-
L'Arbre -Livre 1- Chapitre 22-Le Chat
Le Chat
Il est une vie après la mort qu’on appelle Paradis, Purgatoire ou Enfer selon les mérites de chacun, ainsi le croient les Hommes, ainsi l’ont-ils écrit dans leurs livres sacrés.
Ces lieux d’après la mort portent des noms différents selon les religions ou les époques. C’est le Nirvana des bouddhistes, Le Walhalla des guerriers Vikings, Les plaines de chasse éternelles des indiens d’Amérique… Mais la mort n’est jamais qu’une des multiples facettes de la vie, l’envers du décor, un passage obligé avant chaque nouvelle renaissance. J’en suis une vivante preuve pour la huitième fois !
« Rien ne se perd, rien ne se crée, tout se transforme », ainsi que l’affirmait à juste titre un certain Lavoisier. La nature regorge d’exemples à l’appui de cette maxime. La chair putréfiée, les feuilles décomposées, le bois pourrissant…Tous nourrissent la terre qui à son tour nourrit les créatures qui la peuplent. L’eau qui s’évapore se transforme en nuages de pluie ou de neige qui abreuvent la glèbe où germeront les graines dont on prélèvera une partie lors des moissons et des récoltes afin de perpétuer le cycle éternel. Cette nourriture issue de la terre est avalée, transformée par les sucs de l’organisme dont elle enrichit le sang ou la sève qui sont les fluides de la vie, puis elle est digérée et une partie est rejetée. Ces déchets qui n’ont pu être utilisés par le corps, d’une manière ou de l’autre, retournent à la terre. Les arbres que l’on coupe deviennent meubles, papier, bûches pour alimenter le feu. Le bois que l’on brûle devient cendres qui elles aussi retournent à la terre.
La boucle est bouclée… C’est l’ordre naturel, la loi première, celle de la Grande Récupération.
Je croyais avoir tout vu, tout compris de ces lois éternelles de la Nature. Je les affirmais aptes à tout expliquer, même les phénomènes encore incompris des Hommes.
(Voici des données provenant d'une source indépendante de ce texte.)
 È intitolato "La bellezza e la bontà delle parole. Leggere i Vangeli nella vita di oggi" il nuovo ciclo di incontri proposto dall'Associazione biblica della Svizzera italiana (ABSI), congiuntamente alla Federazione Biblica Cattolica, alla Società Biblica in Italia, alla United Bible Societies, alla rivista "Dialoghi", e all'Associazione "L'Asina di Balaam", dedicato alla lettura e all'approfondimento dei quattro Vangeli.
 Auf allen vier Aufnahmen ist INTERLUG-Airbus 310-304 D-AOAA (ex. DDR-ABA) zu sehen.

Et Dieu sait qu’il en existe encore beaucoup de mal assimilés par ces êtres bornés !
Aujourd’hui cependant, face à ce que découvre mon œil incrédule, je me sens aussi petit, aussi limité que le sont les humains lorsqu’ils sont confrontés à quelque chose qu’ils sont incapables de comprendre. Je demeure coi, bouche bée. Mon petit cœur de chat bat si rapidement que je pourrais en mourir d’un coup de saisissement. Car ce que je vois à présent tient d’avantage d’une sorte de magie ancestrale oubliée que de ce fameux ordre naturel auquel je me raccroche de toutes mes griffes pour ne pas sombrer dans la folie.
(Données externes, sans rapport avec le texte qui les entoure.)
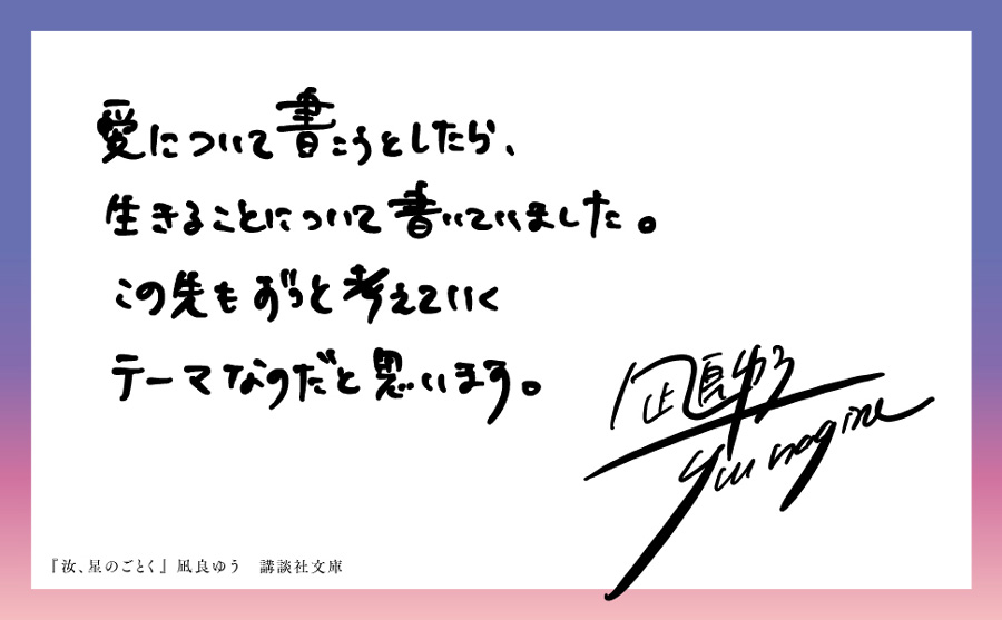 この作品も映画化されたら感動的かもと思っていたら、櫂が横浜流星、暁海が広瀬すずで来年公開されるらしいです。小説で感じた「櫂と暁海」と「横浜流星と広瀬すず」の印象とはちょっと異なりますが、横浜流星も広瀬すずも演技達者なので、いい映画になりそうです。瞳子と北原先生を誰が演じるのかも興味津々です。楽しみに待ちたいと思います。
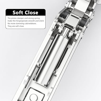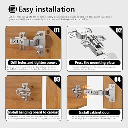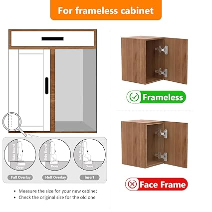 CONSISTENT QUALITY: The hinges meet the standards and certifications of ISO9001, ISO14001, BHMA, KCMA and SGS. Heavy-duty stainless steel finish is tested for durability hundreds of thousands of times. Suitable for face-frame cabinets. Such as kitchen cabinet doors, closets, TV cabinets, bookcases, wine coolers.
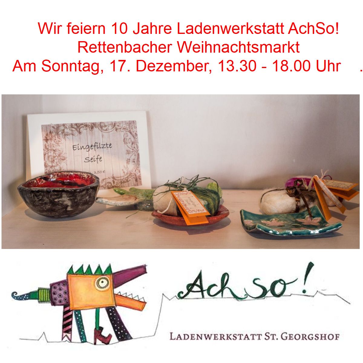 Das AchSo!-Team lädt alle herzlich ein, den Erfolg der Idee - Herstellung und Verkauf unter einem Dach - zu feiern. Bei Punsch, Glühwein und einer süßen Überraschung besteht am Jubiläumsonntag Gelegenheit, durch den Laden zu bummeln. Die Klienten bieten dort ihre eigenhändig hergestellten dekorativen oder nützlichen Produkte an. Das Sortiment besteht aus Töpfer- und Holzwaren, Glückwunschkarten aller Art, Näh- und Filzarbeiten, Papeterie-Artikeln, Kerzen, „Zapfenanzündern“ für den Holzofen und Dekoartikeln aus den unterschiedlichsten Materialien. Als Dankeschön für die 10-jährige Treue wartet auf alle Kunden ein kleines Geschenk.
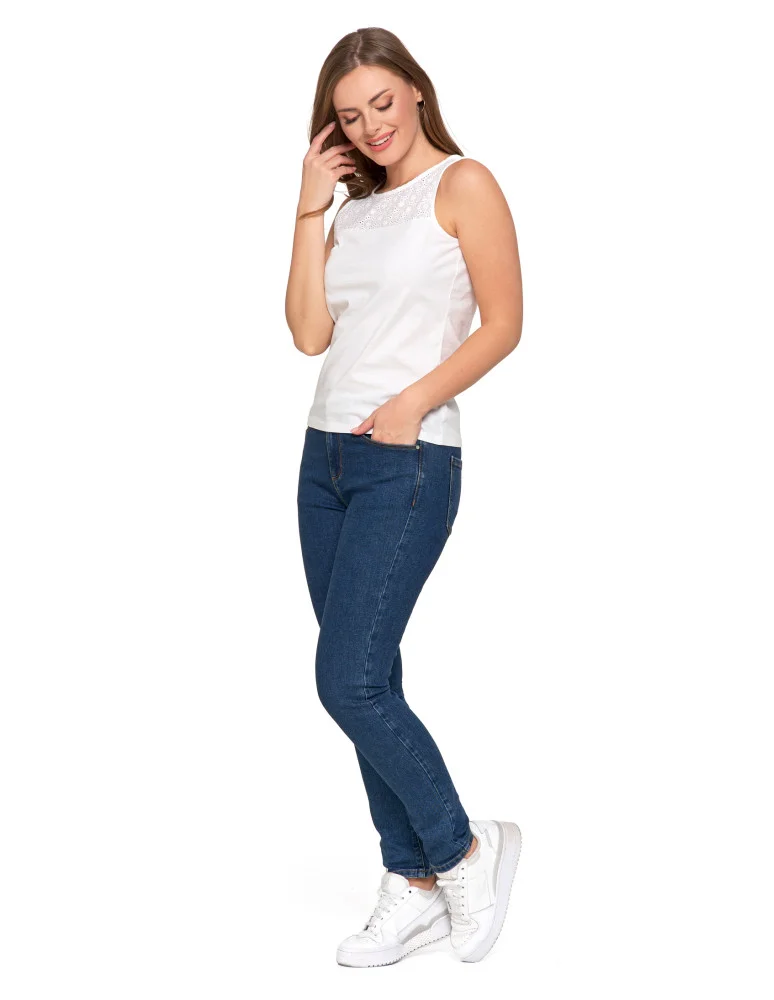 Damska bluzka bez rękawów bawełniana z ażurowym wykończeniem BIAŁY
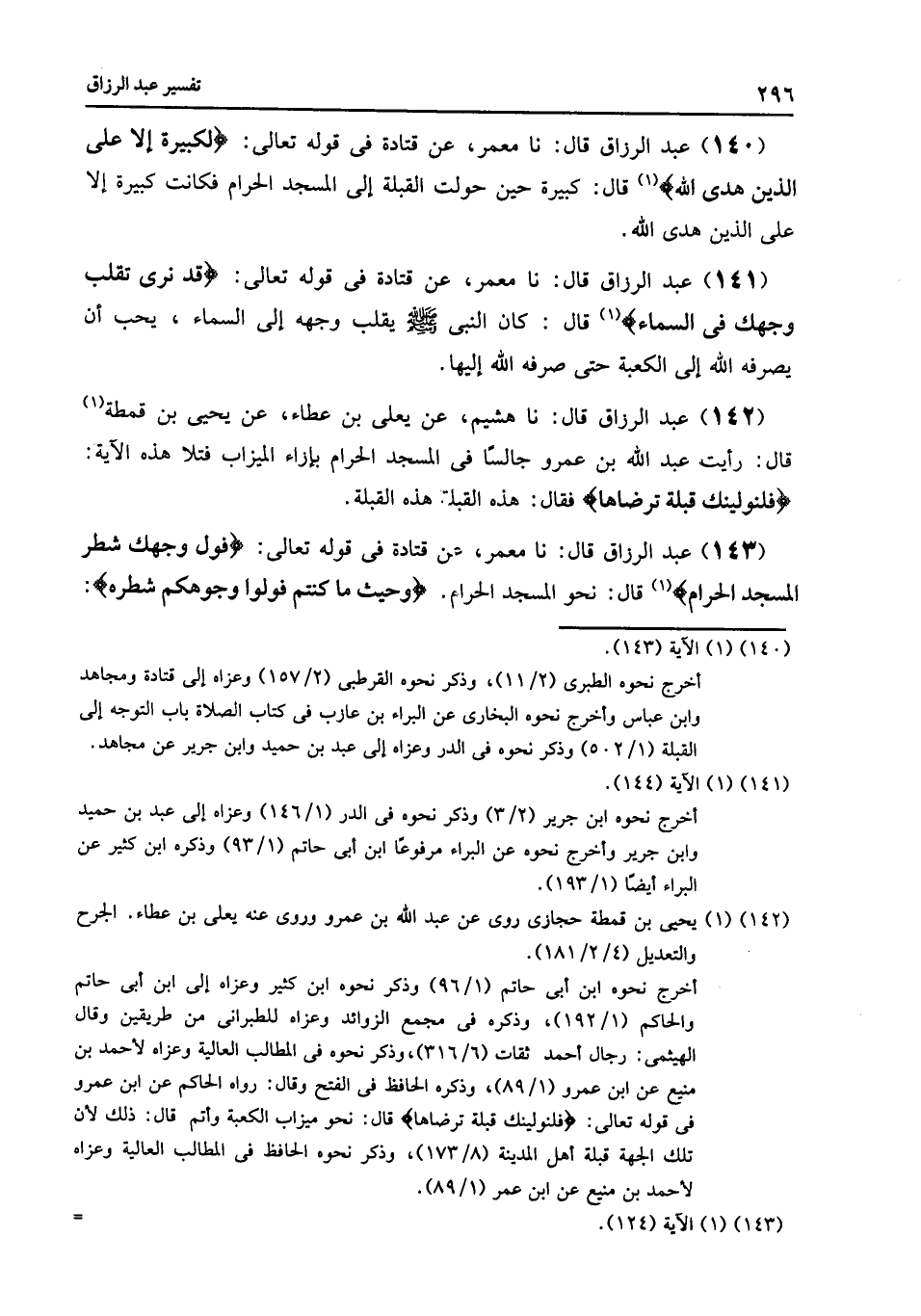 141 - نا مَعْمَرٌ , عَنْ قَتَادَةَ , فِي قَوْلِهِ تَعَالَى {§قَدْ نَرَى تَقَلُّبَ وَجْهِكَ فِي السَّمَاءِ} [البقرة: 144] قَالَ: «كَانَ النَّبِيُّ صَلَّى اللهُ عَلَيْهِ وَسَلَّمَ يُقَلِّبُ وَجْهَهُ إِلَى السَّمَاءِ , يُحِبُّ أَنْ يَصْرِفَهُ اللَّهُ إِلَى الْكَعْبَةِ , حَتَّى صَرَفَهُ اللَّهُ إِلَيْهَا»

Pourtant, lorsqu’a commencé l’incroyable processus, c’est Arbre que j’ai accusé de folie furieuse. Je l’ai supplié de se résigner, de laisser à la nature justement, notre souveraine à tous, le dernier mot, de ne pas tenter le Diable en jouant les apprentis sorciers. En vain ! Il ne m’a pas écouté, comme d’habitude. Pire, au nom de notre amitié il m’a demandé de lui accorder le bénéfice du doute.
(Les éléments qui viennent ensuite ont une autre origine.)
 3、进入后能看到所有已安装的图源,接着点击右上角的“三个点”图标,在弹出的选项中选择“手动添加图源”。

- Fais-moi confiance mon ami ! Laisse-moi accomplir ce que je dois !
Puis il a ajouté sans attendre de ma part le moindre mot d’acquiescement :
- Je t’entendrai mais je ne pourrai te répondre car besoin pour faire ce qui doit être fait, de temps, de force et d’une extrême concentration. Ce sera long, douloureux pour Elle comme pour moi et l’issue est incertaine. En vérité je ne sais pas vraiment ce qu’il adviendra de nous quand tout cela sera terminé. Ni même s’il y aura une fin. Mais je sens au fond de moi que je dois tenter le tout pour le tout. Aussi Chat, te dis-je adieu car si le sort m’est contraire, peut-être que je mourrai avec elle !
Sitôt ces derniers mots prononcés, qui ne demandaient aucun commentaire, je l’ai senti se mettre en retrait, comme s’il rentrait en lui-même. Son esprit ne s’est pas fermé au mien mais sa pensée ne me parvint plus qu’en sourdine tout le temps que dura ce qu’il avait décidé d’entreprendre…Comment expliquer ce qui se passa alors ? Je ne trouve qu’un mot capable de le définir : miracle. Un miracle, oui ! Rendu possible par ce mélange d’incommensurable orgueil et d’amour absolu dont Arbre fit preuve, le tout gouverné par une inébranlable foi, de celles dont on dit qu’elles déplacent les montagnes.
Elle ne mourut pas. Elle s’était enfoncée dans un coma si profond qu’il ressemblait à la mort à s’y méprendre mais elle ne mourut pas.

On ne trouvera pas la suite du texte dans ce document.